The error occurs on line 125, where the data.frame DATA is constructed from x,y and label_name.
Previously x and y have been reordered, while lab_y hasn't been. When the supplied value of x (your x1) isn't itself already in order, you'll get the kind of jumbling you experienced.
As an immediate fix, you can pre-order the x values like this (or do something more elegant)
df <- data.frame(y, x1, lab_y, stringsAsFactors=FALSE)
df <- df[order(df$x1), ]
# Needed since lab_y is not searched for in data (though it probably should be)
lab_y <- df$lab_y
boxplot.with.outlier.label(y~x1, lab_y, data=df)
The intelligent point label placement is a separate issue discussed here or here. There's no ultimate and ideal solution so you just have to pick one there.
So you would overplot the normal boxplot with labels, as follows:
set.seed(1501)
y <- c(4, 0, 7, -5, rnorm(16))
x1 <- c("a", "a", "b", "b", sample(letters[1:2], 16, T))

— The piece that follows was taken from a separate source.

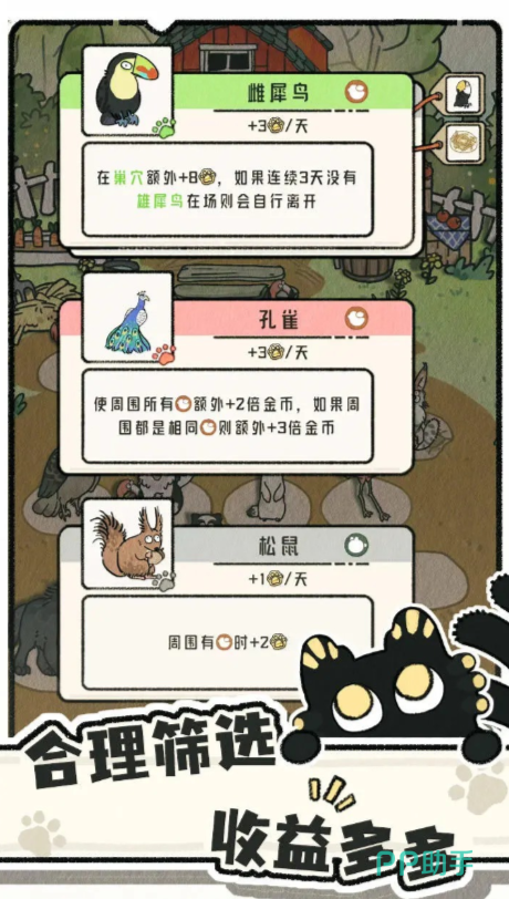 在这个游戏的世界中,会有上百种的小动物,每一个都会有对应的绝活。如果把这些小家伙搭配在一起,那就可以玩出转金流派。猫神牧场图鉴分享给所有的人,玩家可以通过这些动物图鉴去挑选自己所喜欢的。当然也并不追求全图鉴收集,大家可以挑选几个核心的动物,如此就可以轻松的搭建专属的收益流水线。

lab_y <- sample(letters, 20)
bx <- boxplot(y~x1)
out_lab <- c()
for (i in seq(bx$out)) {
out_lab[i] <- lab_y[which(y == bx$out[i])[1]]
}
identify(bx$group, bx$out, labels = out_lab, cex = 0.7)
Then, during the identify() is running, you just click to position where you want the label,
as described here. When finished, you just press "STOP".
Note that each outlier can have more than one label! In my solution, I just simply picked the first!!
PS: I feel ashamed for the for loop, but don't know how to vectorize it - feel free to post improvement.
EDIT: inspired by the Federico's link now I see it can be done much easier! Just these 2 commands:
boxplot(y~x1)
identify(as.integer(as.factor(x1)), y, labels = lab_y, cex = 0.7)